8 Ways to Change the Way You Approach Writing (For Writers Ready to Level Up)
If you’ve been writing seriously for a while, you’re in a different place than a beginner.
You understand structure. You can finish pieces. You know your habits—both productive and destructive. But you may also feel something else: a plateau. The same patterns. The same strengths. The same blind spots.
This stage is powerful.
Intermediate writers don’t need motivation. They need recalibration. A shift in approach.

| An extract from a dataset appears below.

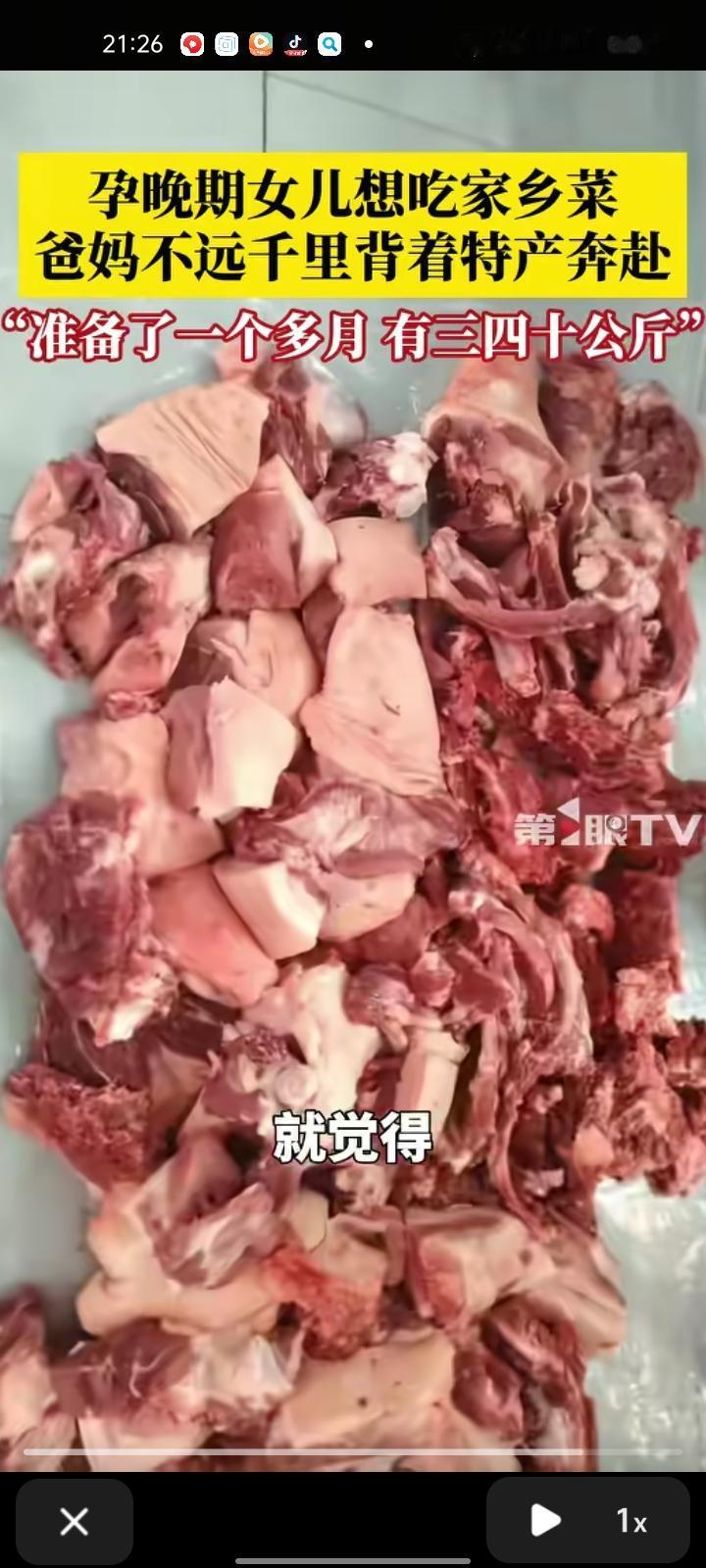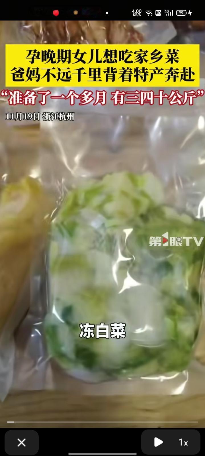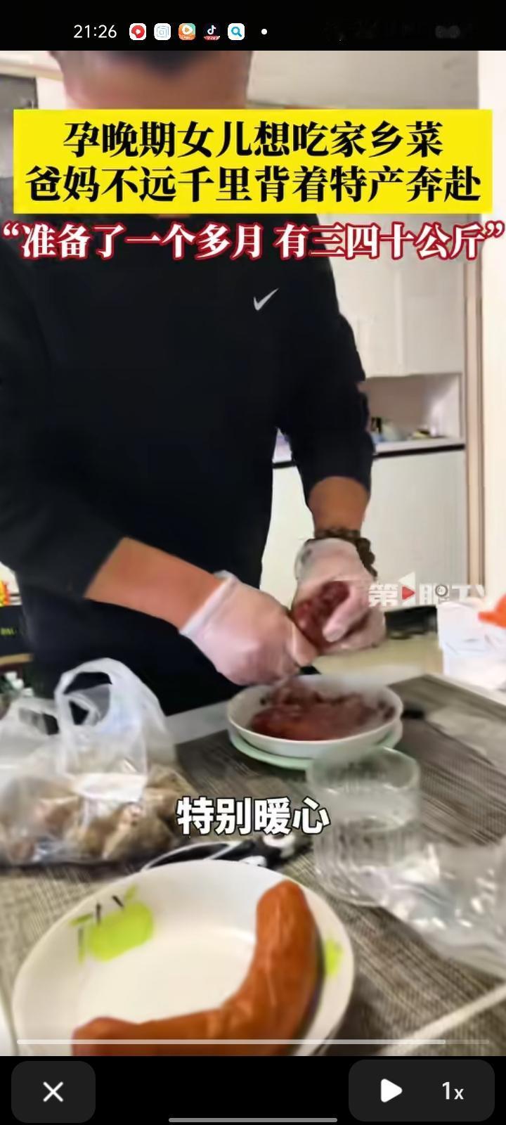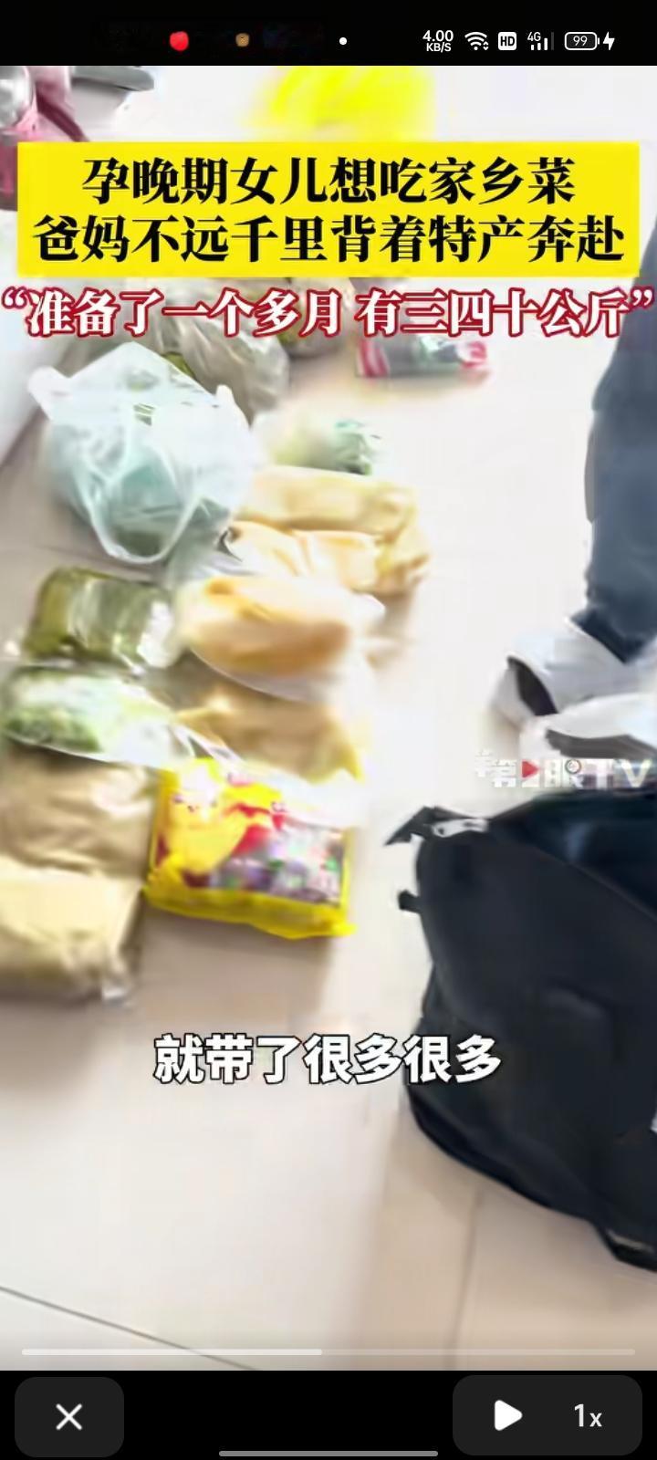 11月17日,浙江杭州。孕晚期的女儿想吃家乡菜,父母不远千里背着特产奔赴,大概三四十公斤,他们一个月前开始陆续准备了。女儿毕女士表示,孕晚期吃上家乡菜,非常暖心,胃口特别好。

A way to move from “I can write” to “I am refining my craft deliberately.”
Here are eight ways to change how you approach writing—subtle but transformative shifts that can elevate your work in 2026 and beyond.
1. Stop Asking “Is This Good?” Start Asking “What Is This Trying to Do?”
Intermediate writers often stall by evaluating too early.
Instead of judging quality mid-draft, ask:
- What is this piece trying to accomplish?
- What emotional or intellectual response do I want?
- Who is this for?
When you shift from judgment to intention, your writing becomes clearer. You’re no longer writing to impress. You’re writing with purpose.
Practice
Before drafting, write one sentence at the top of the page: “This piece exists to…”
2. Separate Drafting From Refining—Ruthlessly
You already know you shouldn’t edit while drafting. But are you actually separating the two?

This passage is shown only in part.